Simple random sampling: Suppose we want to allocate a population of $n$ objects into $m$ groups of sizes $n_1,...,n_m$. (Since all objects will be allocated to exactly one group we have $\sum n_i = n$.) For each object with index $i$ we let $S_i = 1,...,m$ denote the group that object is allocated to and we let $\boldsymbol{S}=(S_1,...,S_m)$. The allowable allocations leading to the required group sizes $\mathbf{n}$ are:

$$\mathscr{S}(\mathbf{n}) \equiv \Bigg\{ \boldsymbol{s} \in \{ 1,...,m \}^n \Bigg| \sum_{i=1}^n \mathbb{I}(s_i = s) = n_s \text{ for all } s=1,...,m \Bigg\}.$$

Under simple random sampling we require that every allowable allocation is equally likely:

$$\mathbb{P}(\boldsymbol{S}=\boldsymbol{s}) = 1 \Big/ {n \choose \mathbf{n}} \quad \quad \quad \text{for all }\boldsymbol{s} \in \mathscr{S}(\mathbf{n}) .$$

Any sampling procedure that obeys this probability condition constitutes a valid method for simple random sampling. One consequence of this condition is that:

$$\mathbb{P}(S_i=s) = \frac{n_s}{n} \quad \quad \quad \text{for all } s = 1,...,m.$$

Note that the above mathematical requirement only gives us a defined requirement for this type of sampling - it does not give us an algorithm by which to accomplish this. Simple random sampling can be accomplished in various ways, and is often implemented using iterative methods, such as allocating objects using the one-at-a-time method below.

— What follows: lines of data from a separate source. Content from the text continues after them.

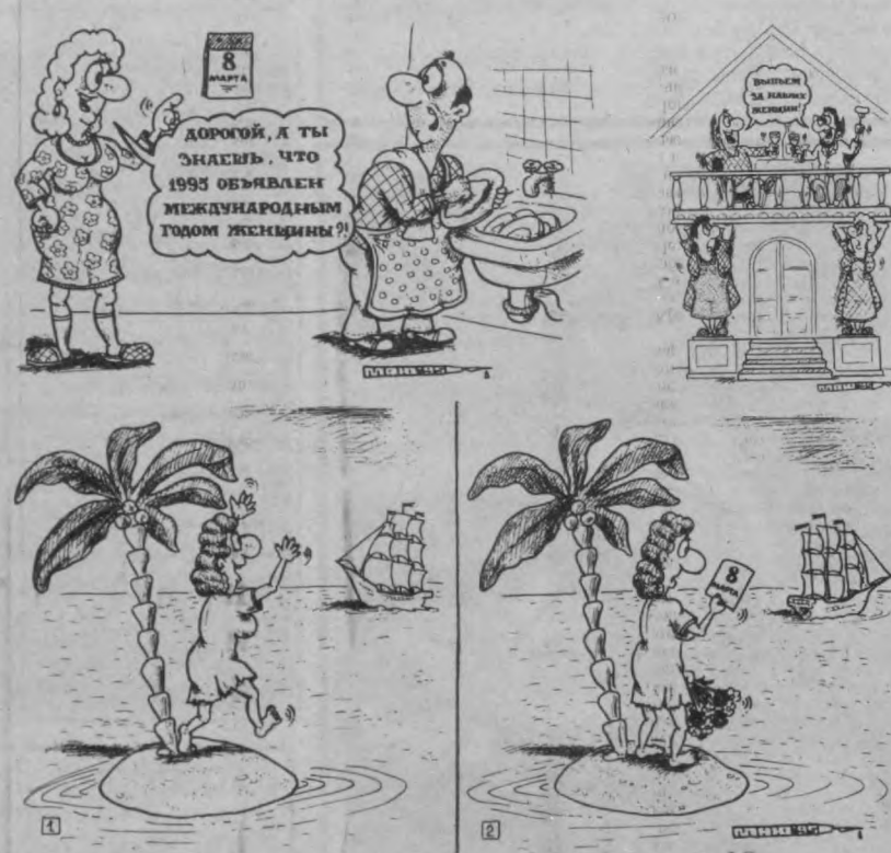
Рис. Александра Маркелова.
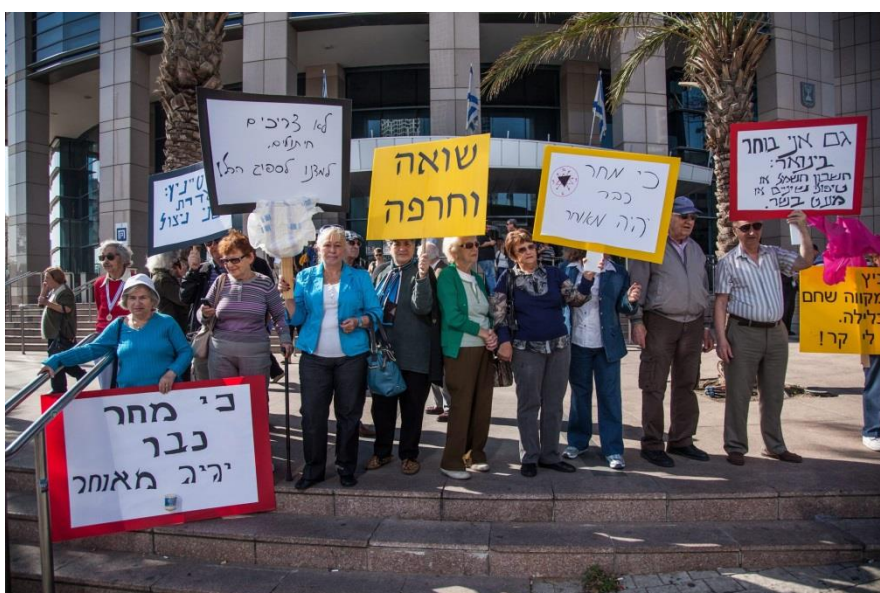
הפגנת ניצולי שואה בתל אביב 2012

בישראל נמצאות קרקעות רבות ששייכות לנספי השואה ולמשפחותיהם. חלק מהמשפחות והקרובים נספו אף הם. קרקעות אלו לא שייכות למדינה, שבפועל הפקיעה אותן בגסות, או הכניסה אותן תחת ההגדרה של "נכסי נפקדים", שלצערנו נרצחו בשואה. הכסף מקרקעות אלה חייב להגיע לידי הניצולים שעדיין בחיים, ולא לעבור לפקידי ממשלה טרחניים, עורכי דין ומתווכים שעסוקים בבירוקרטיה.
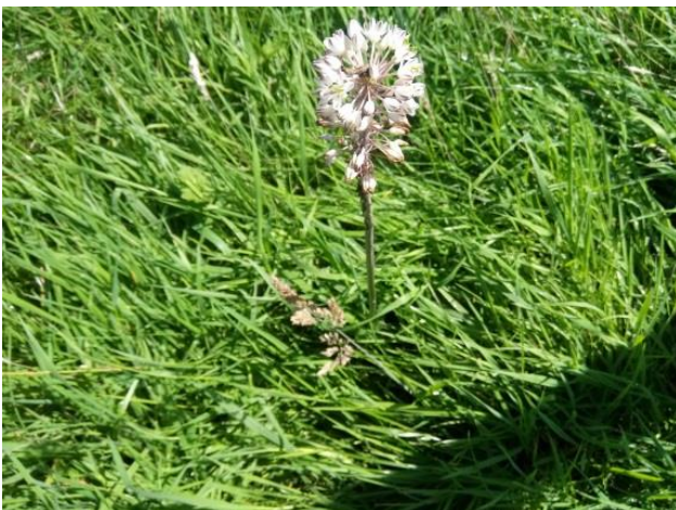
Bwlb serennyn yn blodeuo
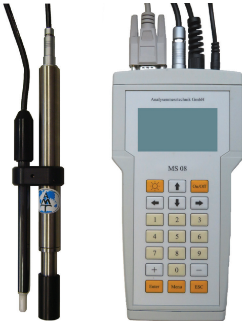
Système multiparamètres Adapter aux micro-capteurs H 2 S - H 2 - H 2 O 2 - O 2 - O 3

Instrument de mesure portable et de laboratoire

One-at-a-time simple random sampling: In this sampling method we allocate the objects one-at-a-time to the groups. Each object is allocated to the groups so that its probability of allocation to a group is proportional to the number of unfilled spots in that group. Taking the objects in order of our (arbitrary) labeling, we use the recursive probabilities:

$$\mathbb{P}(S_{i} = s | S_1=s_1,...,S_{i-1}=s_{i-1}) = \frac{n_s - \sum_{j=1}^{i-1} \mathbb{I}(s_j=s)}{n-i+1}.$$

(The numerator is the number of remaining spots in group $s$ after allocation of the previous objects, and the denominator is the total number of remaining spots in all groups.) Breaking down the joint probability of the allocation vector into its conditional parts, for any $\boldsymbol{s} \in \mathscr{S}(\mathbf{n})$, we have:

$$\begin{equation} \begin{aligned} \mathbb{P}(\boldsymbol{S}=\boldsymbol{s}) &= \prod_{i=1}^n \mathbb{P}(S_{i} = s | S_1=s_1,...,S_{i-1}=s_{i-1}) \\[6pt] &= \prod_{i=1}^n \frac{n_s - \sum_{j=1}^{i-1} \mathbb{I}(s_j=s)}{n-i+1} \\[6pt] &= \frac{\prod_{i=1}^n (n_s - \sum_{j=1}^{i-1} \mathbb{I}(s_j=s)) }{\prod_{i=1}^n (n-i+1)} \\[6pt] &= \frac{\prod_{s=1}^m \prod_{i=1}^{n_s} (n_s-i+1) }{\prod_{i=1}^n (n-i+1)} \\[6pt] &= \frac{\prod_{s=1}^m n_s! }{n!} \\[6pt] &= 1 \Big/ {n \choose \mathbf{n}}. \end{aligned} \end{equation}$$

This confirms that the one-at-a-time method is a valid method for simple random sampling. Note that this holds regardless of the order in which the objects are allocated to the groups. Hence, it remains a valid algorithm for simple random sampling even if the order of allocation of the objects is chosen by some biased process. Each allowable sample allocation is equally likely, and so the marginal probability of allocation is the same for each object.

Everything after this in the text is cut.